While the study’s results are compelling, they come with their share of limitations. For instance, the design of the brain imaging study meant that researchers could not compare their findings against a baseline of brain activity without the task, potentially overlooking how individual differences in dopamine levels might influence adaptability. Furthermore, the complexity of human behavior and brain chemistry means that dopamine is not the only player in this adaptive process. Future research could benefit from exploring how other neurotransmitters interact with dopamine and contribute to our ability to learn and adjust to new information.

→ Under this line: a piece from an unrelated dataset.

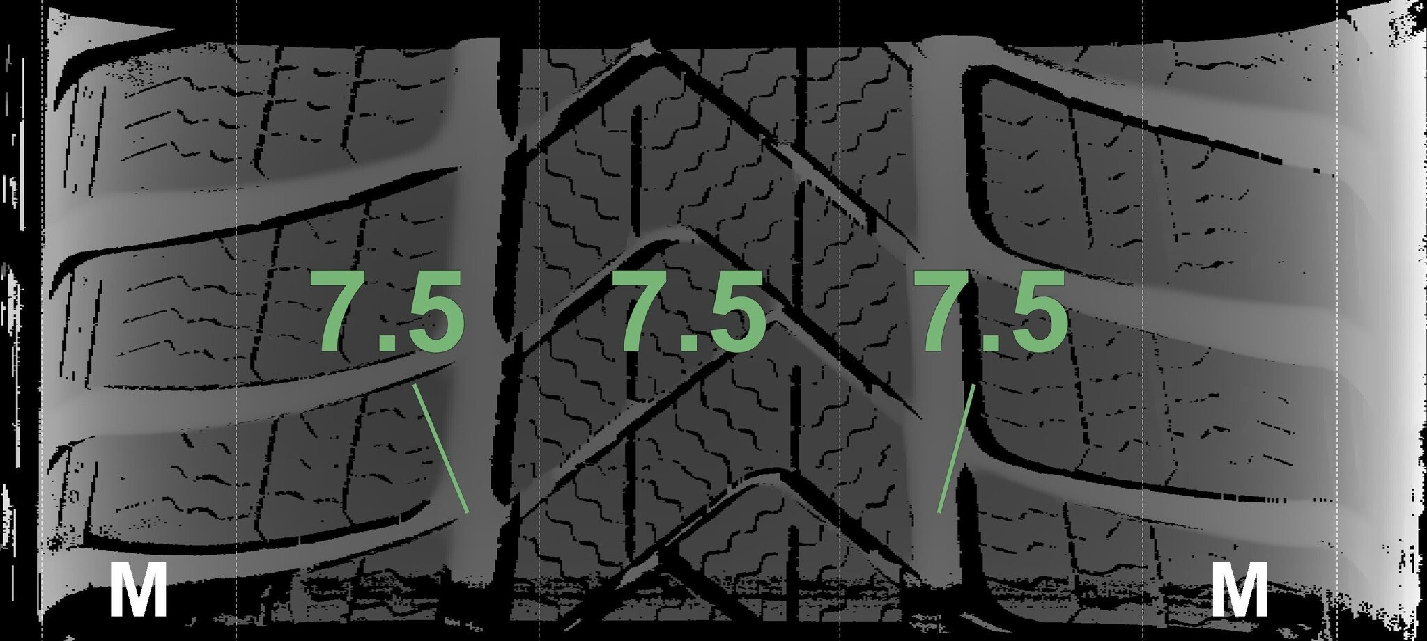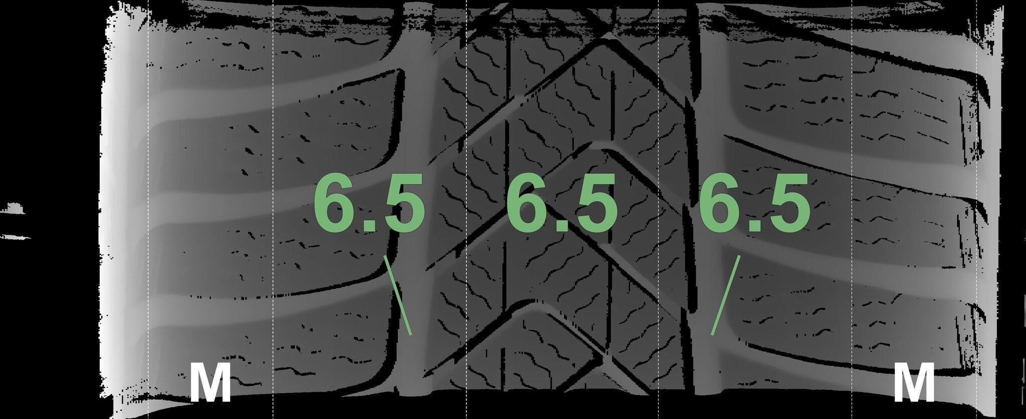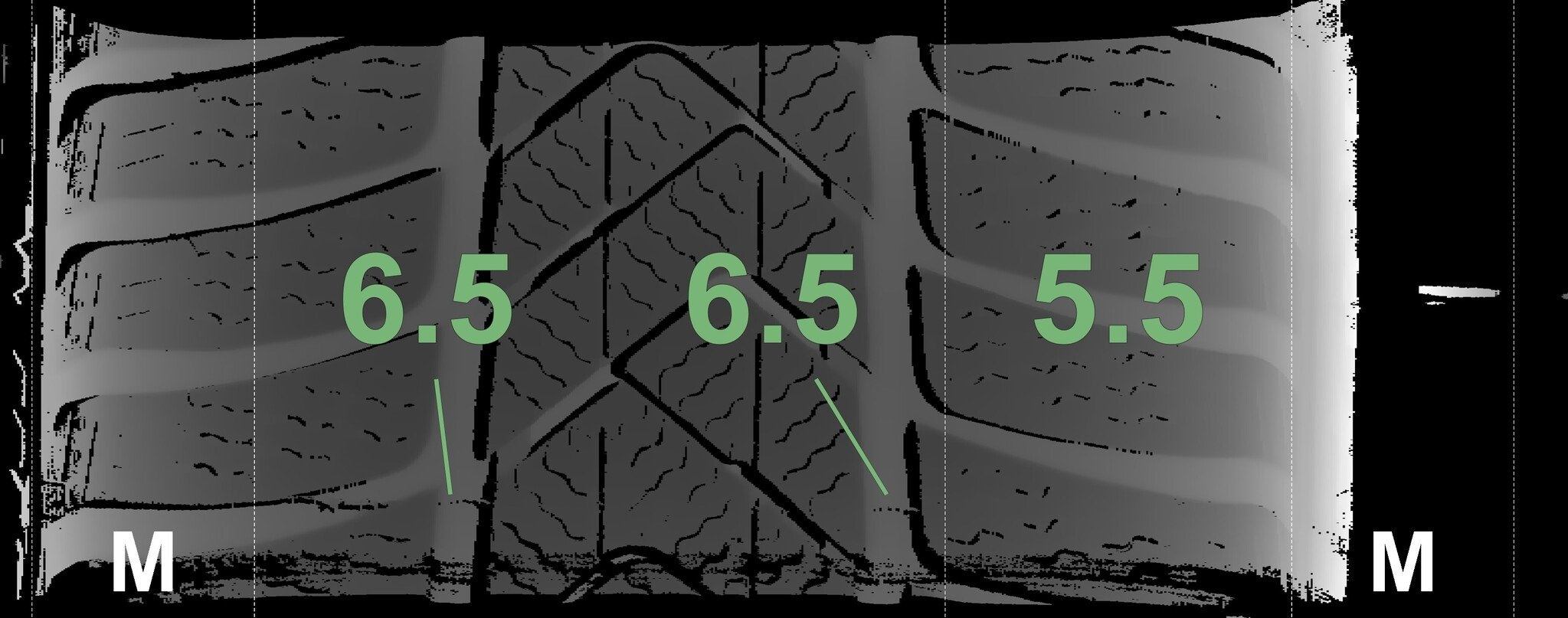 Die gemessenen Profiltiefen und die Details der Felgen sind oben dargestellt.

The journey to fully understand the human brain’s adaptability is far from over. Future studies could explore how different levels of dopamine affect decision-making in various contexts, perhaps by incorporating tasks that simulate more complex real-life scenarios or by using pharmacological methods to alter dopamine levels directly. Another promising direction is to examine the role of dopamine in populations with neurological conditions that affect decision-making and learning, providing insights that could inform new therapeutic approaches.
“The study was conducted with healthy young adults,” Grill noted. “The long-term goal is to adapt the paradigm to investigate dopamine release during different behaviors in neurological and psychiatric disorders with abnormal dopamine signaling such as Parkinson’s disease and schizophrenia.”
The study, “Dopamine release in human associative striatum during reversal learning,” was authored by Filip Grill, Marc Guitart-Masip, Jarkko Johansson, Lars Stiernman, Jan Axelsson, Lars Nyberg, and Anna Rieckmann.